Spec: Implement the TaskScheduler class from PLAN.md

Three slots: Claude Code with CE patterns, Codex with CE patterns, and bare Codex. Each implements independently, all reviewed by the same evaluation pipeline. The progress table shows which model ran each slot:

Slot Status Model Tests Approach
1 DONE claude-opus-4-6 17 tests /ce:work
2 DONE_WITH_CONCERNS gpt-5.4 5 tests /ce:work + codex
3 DONE_WITH_CONCERNS gpt-5.4 5 tests codex

Skills guide methodology (TDD, CE patterns). Harnesses choose the AI system (Claude, Codex). Compose them with +:

/slot-machine with 4 slots:
  slot 1: /superpowers:test-driven-development
  slot 2: /superpowers:test-driven-development + codex
  slot 3: /ce:work
  slot 4: codex

Skills are invoked natively by each harness — Claude uses the Skill tool, Codex uses $ prefix. Each loads the full skill document in its own way.

Or set project defaults in CLAUDE.md:

## Slot Machine Settings
slot-machine-slots:
  - /superpowers:test-driven-development
  - /ce:work
  - codex
  - default

Profiles: Coding and Writing

Slot-machine auto-detects whether your spec is a coding task or a writing task and loads the right profile. Each profile has its own approach hints, reviewer criteria, and synthesis strategy.

Coding profile (isolation: worktree):

  • Hints steer toward different implementation emphases: simplicity, robustness, functional style, idiomatic APIs, extensibility
  • Reviewer checks spec compliance, hunts bugs with file:line evidence, assesses test coverage
  • Pre-checks run your test suite before review
  • Each slot gets an isolated git worktree

Writing profile (isolation: file):

  • Hints steer toward different voices: concise, narrative, technical, conversational, structured
  • Reviewer checks brief compliance, prose quality, audience fit, coherence
  • No git worktrees — each slot writes to a file
  • Synthesis merges the best phrasing and structure from multiple drafts

Force a profile with profile: writing or profile: coding, or let auto-detection handle it.

Works With Your Other Skills

Each implementer slot is a full Claude Code session with access to all your installed skills. You can assign a specific skill per slot — or let implementers pick up skills automatically from your environment.

Works with superpowers, compound-engineering, gstack, or any other implementation skill. The orchestrator passes your CLAUDE.md conventions as project context to each implementer, so project-specific rules apply to every slot automatically.

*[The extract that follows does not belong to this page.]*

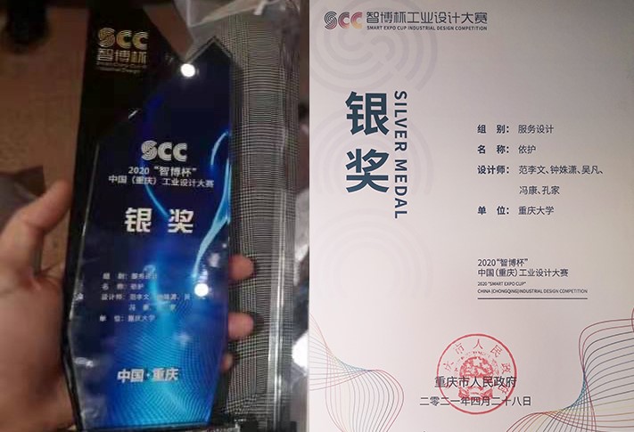 设计学系教研团队提交的作品《家用凝血检测多维服务系统设计》斩获大赛服务设计组金奖,获得奖金10万元!产品设计专业本科生团队提交的作品《依护——医用PPE辅助脱卸设备及系统设计》获得大赛服务设计组银奖,奖金5万元!

What the Reviewer Actually Finds

This is a real finding from one of our test runs. The reviewer is an independent agent that reads the actual code — not the implementer's self-report:

Critical: src/api.py:47 — Unhandled TypeError crash

  What: POST /tasks with priority="high" (string instead of int) causes
        an unhandled TypeError in PriorityQueue.put(). Flask catches it
        and returns a generic 500 Internal Server Error.

  Impact: Any API caller sending a non-integer priority crashes the endpoint.
          No error message, no 400 Bad Request — just a 500.

  Fix: Add type validation before queue insertion:
       if not isinstance(priority, int):
           return jsonify({"error": "priority must be an integer"}), 400

The reviewer cites the exact file and line, explains the impact, and suggests a fix. The implementer's self-review said "all requirements implemented, tests pass" — it missed this entirely.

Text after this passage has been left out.